Aprender
Nelsa Curbelo Cora (columnista)
Temo mirar el celular y encontrarme la noticia de que alguien querido, conocido, admirado, ya partió. Me conmueve al extremo que sus deudos no sepan cómo devolver el cuerpo a la tierra y que no puedan despedirlo. Y que no puedan recibir el abrazo, el hombro, la compañía solidaria y empática de quienes comparten su dolor. Que los días posteriores deban permanecer solos o con muy pocas personas que las rodeen físicamente y de alguna manera sean el cobijo y la ternura que necesitan aunque no la pidan.

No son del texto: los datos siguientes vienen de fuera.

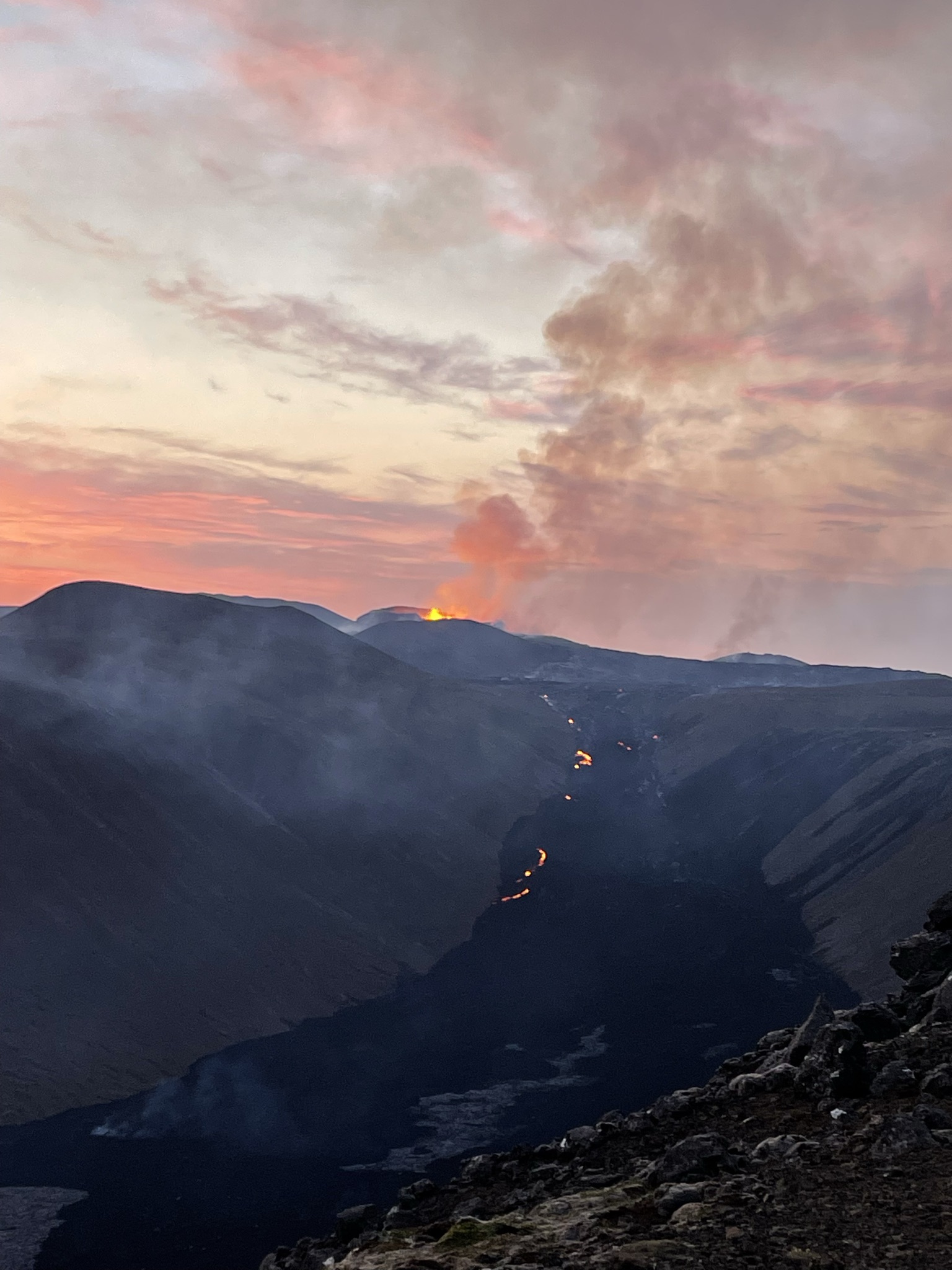 The most amazing thing (besides the active volcano of course) was the daylight- it never got dark. Sunset around midnight and sunrise around 3am never brought darkness. The advice that we got to go at this time of the night was right- the red lava was bright and clearly visible during dusk. I don’t think we would’ve seen such amazing views if we went during the day. We met another friendly couple along the way and they shared their drone videos with us- SUPER amazing. The drone got very close, but then ran out of batteries and never made it back. Ooops, well at least there is an awesome footage and we are very grateful for it.

Generalmente no iba a los velorios, salvo cuando eran personas muy allegadas o había sucedido algo que me conmovía. Me acercaba y en silencio permanecía junto a sus deudos. Sentía que el silencio era la mejor manera de estar y acompañar. Resultado de este encierro y esta experiencia traumática, si aún permanezco respirando cuando superemos esta catástrofe, iré a todos los velorios de personas conocidas y allegadas, por respeto, para despedirlas, para significar que me importan, para rendir homenaje a sus vidas. Porque no siempre es bueno estar solo cuando el dolor nos invade.

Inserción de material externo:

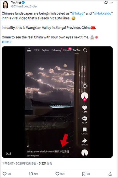 【點新聞報道】據觀察者網報道,近日,一段關於中國江西上饒望仙谷美景的視頻在外網爆火,但卻被很多賬號錯誤標註為日本「東京」或「北海道」。當地時間12月8日,中國駐印度大使館發言人宇靜在X平台上發帖闢謠:「這段已獲得130萬點讚的熱門視頻中,中國的風景被錯誤地標註為東京和北海道。實際上,這是中國江西的望仙谷。」
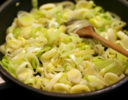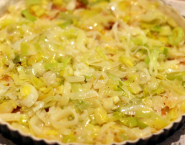 Rúru predhrej na 200°C (teplovzdušné rúry -20°C). Slaninku opraž na suchej panvici do chrumkava. Prelož na tanier vyložený kuchynskou papierovou utierkou a nechaj odkvapkať os masti. Do tej istej panvice nalej olivový olej a pridaj na kolieska nakrájaný pór. Opraž do mäkka a odstav. Lístkové cesto vlož do formy na pečenie a dno popichaj vidličkou. Na dno rozdeľ opraženú a odtečenú slaninku, na ňu navrstvi pór a celé to zasyp syrom. Vo vyššej nádobe spolu rozhabarkuj dve vajcia a 1,5 pochúťkovej smotany. Pridaj korenie a soľ a ešte dobre premiešaj. Celé to prelej na suroviny vo forme a vlož do rúry na 20-25 minút do červena upiecť. Podávaj s čerstvým zeleným šalátom.
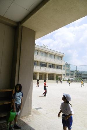 熱中症対策で,ピロティに設置しているミストを使い始めました。子どもたちは気持ちよさそうにミストを浴びています。
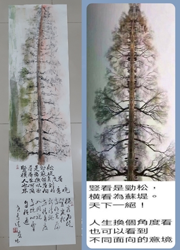 「豎看是勁松,横看為蘇堤,人生換個角度看,也可以看到不同面向的意境。」

También he aprendido a cocinar más despacio. Amo hacerlo. Me fascina observar las legumbres, tenerlas en las manos y pensar cuánto tiempo le ha llevado a la planta hacer un tomate, que sin muchas contemplaciones engullimos. En la casa en que vivo, en un resquicio entre la pared y el suelo, una mata ha logrado nacer y crecer. Ahora orgullosamente exhibe sus flores que convertirá en hermosos frutos. Pero casi no tiene tierra y los soles intensos de estos días marchitan sus ramas y sus hojas. La regamos y le hemos fabricado un pequeño toldo para que no sucumba al calor. La cuidamos y pienso, si esta planta fuera la única que descubrieran en Marte, sería una noticia extraordinaria.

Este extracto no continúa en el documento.